Tuesday, July 28, 2009

Stewart Island Bays and Pub Tours

I decided to go to Stewart Island on a whim. Several people had suggested it, to which I said, "what's cool to do there?" I never really got a full answer, just that it was a cool place to go to. While in Bluff, I was very disappointed to here that I wouldn't find any Bluff oysters to speak of. Though the oystering season isn't over until the 31st of August, all the commercial fishermen have filled their quotas and so I could not find a one!

I hoped that Stewart Island would prove more fruitful and decided to transfer my goal in eating oysters to Stewart Island. After all, the fishermen from Bluff often fished in the same areas as those from Stewart Island.

So after a one-hour rollercoaster ride across the Foveaux Strait on a catamaran, I arrived on the anchor of New Zealand (will explain at a later date). It's a charming place. I went to my backpackers and settled in. It was very rainy so I didn't venture out much except to go to the one supermarket on the island and then the booking office where I wanted to ask about tours around the island and a trip to Ulva Island, a bird sanctuary a short boat ride away.

I asked the very nice people at the Stewart Island Experience office where I could find someone who would take me out oystering. I was duly pointed to the one and only pub/bar on the island, the South Sea Hotel. I was told to go there that night and ask around.
The South Sea Hotel -the southern most pub in New Zealand (I've now seen the northern most pub and the southern most pub in this country! see Kaitaia entry)

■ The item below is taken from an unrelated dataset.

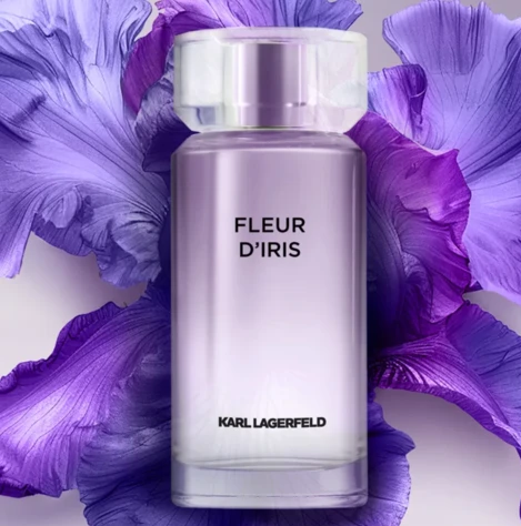 The cylindrical bottle, topped with a transparent cabochon-shaped cap, reflects the delicate hue of iris petals. The pale lilac shade also adorns the white outer packaging with its grainy leather texture, edged with black trimming, boldly displaying the fragrance name in large letters. Top Notes: Mandarin essence, orange blossom, Diviniris

That evening I walked into the pub on my own and as I was getting myself a drink, I asked the bartender where I could find someone to go oystering with. She pointed me towards an inebriated man with silver-colored hair: Jack. I was immediately invited to join the group and we chatted, them asking me questions, me emboldened by their affability and asking whether an oystering expedition would be possible. I was answered with a vague "yes", which I took to be a good sign. I stayed several hours, talking to all sorts of people, getting the full effect of an island inhabited by 400 people who all meet at the pub at some point or another. A really close-knit community of people who love to laugh, drink and play. It was really a wonderful experience.

A sign put up in the bar about 20 years ago. I love it!

The next day I took the Bays and City Tour. I was the only one on the bus and the driver was a very nice man who stopped the bus whenever I wanted to take a picture. Here is what this beautiful island looks like.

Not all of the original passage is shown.